Top of STUDY MATERIAL

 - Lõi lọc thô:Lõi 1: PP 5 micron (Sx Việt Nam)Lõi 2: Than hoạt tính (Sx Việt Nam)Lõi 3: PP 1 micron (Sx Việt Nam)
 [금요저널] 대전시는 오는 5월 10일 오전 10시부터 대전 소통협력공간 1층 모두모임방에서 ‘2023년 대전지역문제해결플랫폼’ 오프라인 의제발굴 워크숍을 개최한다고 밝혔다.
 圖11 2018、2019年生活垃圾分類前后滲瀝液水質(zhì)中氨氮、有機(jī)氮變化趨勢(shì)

Bottom of STUDY MATERIAL
Top of STUDY MATERIAL

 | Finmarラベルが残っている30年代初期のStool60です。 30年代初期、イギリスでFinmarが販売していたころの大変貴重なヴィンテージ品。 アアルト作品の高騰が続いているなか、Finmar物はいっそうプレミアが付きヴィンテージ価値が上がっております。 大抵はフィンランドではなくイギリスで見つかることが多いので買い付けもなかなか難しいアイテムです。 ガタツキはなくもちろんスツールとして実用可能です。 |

Bottom of STUDY MATERIAL

● **EXERCISE PROMPT**
Among the lines above, repeat exactly those from the line with "- Lõi lọc thô:Lõi" to the line with "圖11 2018、2019年", counting both ends.

● **RESPONSE FOR THIS EXERCISE**
 - Lõi lọc thô:Lõi 1: PP 5 micron (Sx Việt Nam)Lõi 2: Than hoạt tính (Sx Việt Nam)Lõi 3: PP 1 micron (Sx Việt Nam)
 [금요저널] 대전시는 오는 5월 10일 오전 10시부터 대전 소통협력공간 1층 모두모임방에서 ‘2023년 대전지역문제해결플랫폼’ 오프라인 의제발굴 워크숍을 개최한다고 밝혔다.
 圖11 2018、2019年生活垃圾分類前后滲瀝液水質(zhì)中氨氮、有機(jī)氮變化趨勢(shì)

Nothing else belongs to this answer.